9. The urine sampling device according to claim 8, wherein said
attachment means is configured to detachably attach the urine
sampling device to said absorbent product.
10. The urine sampling device according to claim 8, wherein said
attachment means is an adhesive, or a hook and loop
arrangement.
11. The urine sampling device according to claim 1, wherein said
chamber comprises a selected amount of dry gel configured to swell
and hold a predetermined volume of urine in the chamber.
12. The urine sampling device according to claim 11, wherein said
predetermined volume is 100 .mu.l to 5000 .mu.l.

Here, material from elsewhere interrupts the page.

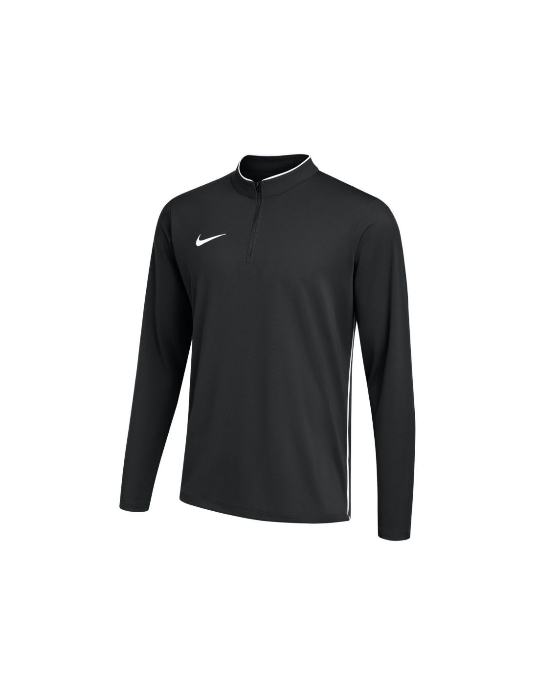 Bluza męska Nike Dri-Fit Park 26 Drill Top czarna IB7536 010 Bluza męska Nike sprawdzi się podczas treningów. Oddychający materiał z technologią Dri-FIT. Stójka. Dopasowany krój. Krótki zamek. Kontrastowe lamówki po bokach. Materiał: 100% poliester

13. The urine sampling device according to claim 1, further
comprising a closing device for closing said inlet to seal the
chamber when said urine sampling device has received a
predetermined volume of urine.
14. The urine sampling device according to claim 1, wherein the
urine sampling device is dismountable by means of fractural
impressions made in the housing, such that a urine sample absorbed
by said dry gel, can be removed from said chamber, for further
examination.
15. The urine sampling device according to claim 1, wherein the
housing of the urine sampling device comprises a ventilation
opening for ventilating air out of the urine sampling device when
the urine sampling device is filled with urine.
16. A hygiene absorbent product, wherein the hygiene absorbent
product comprises an associated urine sampling device according to
claim 1.
17. The hygiene absorbent product according to claim 16, wherein
the hygiene absorbent product comprises means for incorporating the
urine sampling device.
18. A urine examination kit, comprising a urine sampling device
according to claim 1 and a sample collection container configured
to house the urine sampling device, for transport of said urine
sampling device for further examination.
19. The urine examination kit of claim 18, further comprising a
glove for preventing contamination of the urine sampling device
when removing the urine sampling device from the hygiene absorbent
product.
Description
CROSS REFERENCE TO RELATED APPLICATIONS
[0001] The present application is a U.S. National Stage Application
of International Application No. PCT/SE2012/050358, filed on Mar.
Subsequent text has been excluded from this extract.